Songwriters Avery and Marsh put these powerful words to a delightful tune:  EVERY MORNING IS EASTER MORNING FROM NOW ON! 

Thank you, Jesus!

May all of us who are in one prison or another claim the message of the resurrection today.

Friday, April 3, 2015

From God's unending bag of surprises

Things like this continue to surprise me, even though, by now, I should be getting used to the most unusual ways God works.

This is the story of two wrongly convicted prisoners, from two different worlds.

Ed is 70, black, and not highly educated.

Mark is 20 years younger, white, and highly educated.

I met them both in the year 2009.  Edward was in a remote location in the Upper Peninsula.  Mark was in a Muskegon prison, right near our home.  Both had compelling stories, and neither belonged behind bars.

Ed was blessed to have the assistance of Toronto-based AIDWYC, the Association in Defence of the Wrongly Convicted.  (Yes, that’s the way they spell defense in Canada.)  But, due to alleged insurance issues, the AIDWYC trustees decided that the organization would no longer handle cases outside of that country.  Ed was devastated.  He had been clinging to that hope for eventual freedom.  I am not an attorney, and HFP does not take on cases of wrongful conviction.  The best I could do was to console him, pray for him, and try to find someone else to help.

Eventually, he got transferred.  You guessed it:  to Muskegon.  That was in the fall of 2012.  Now the two were in the same facility.

I put a bug in Mark’s ear:  See if you can do something to help this guy.

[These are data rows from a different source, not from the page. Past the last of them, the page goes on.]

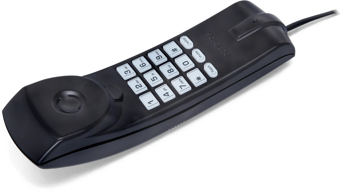 Acionador no fone (tecla liga/desliga) Cabo telefônico ligado diretamente ao fone Funções: mudo, rediscar e flash 2 níveis de volume de campainha Cabo telefônico de longo alcance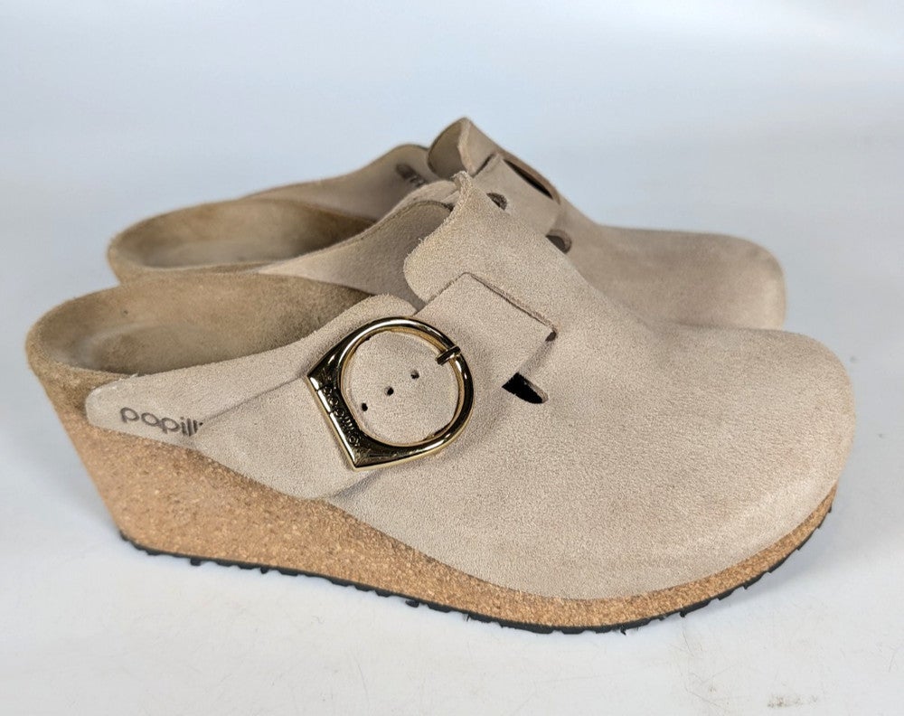 Birkenstock Papillio Fanny Ring Buckle Suede Wedge Sandals Size 37 / 6 Tan Suede
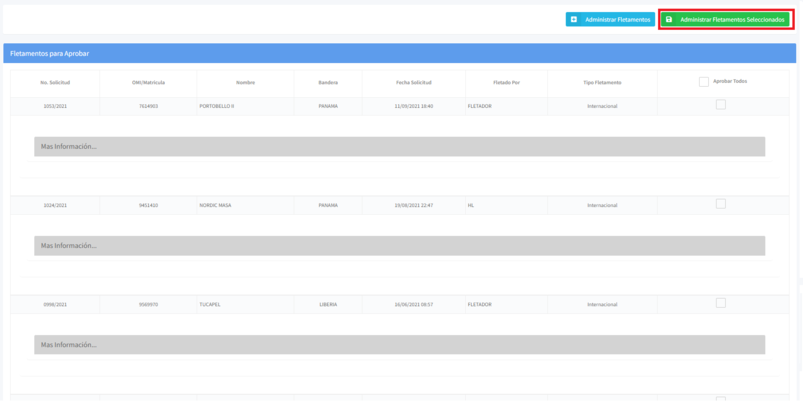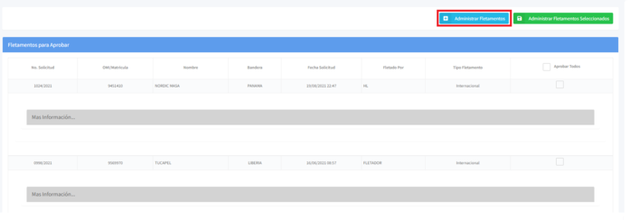 Opción 1: De clic en la opción Fletamento del menú principal. El sistema le mostrará un resumen de las solicitudes de fletamento que están pendientes por aprobar. Esta opción le permite aprobar fletamentos de manera masiva, haciendo clic en la casilla de verificación "Aprobar todos", o seleccionando uno a uno. Finalice dando clic en el botón "Administrar fletamentos seleccionados", que encuentra al final de la pantalla.

Mark, a recent graduate from Prison Fellowship’s fine TUMI seminary program, did more than that.  He virtually adopted the man!  He helped organize all of his legal papers.  He wrote briefs for him.  He helped Ed apply to Innocence Projects.  And now, God be praised, it appears that a fine IP is keenly interested!  There’s new hope for Ed!

Ed can wonder why he ever got transferred to Muskegon, Mark can wonder why God allowed him to go to prison in the first place, both can wonder why I ever introduced them to each other, and I can go on wondering just how many times God is going to use this 78-year-old crooked stick to make things happen in the lives of prisoners.

Isn’t this just like God?

Especially during Holy Week, we shouldn’t be all that surprised.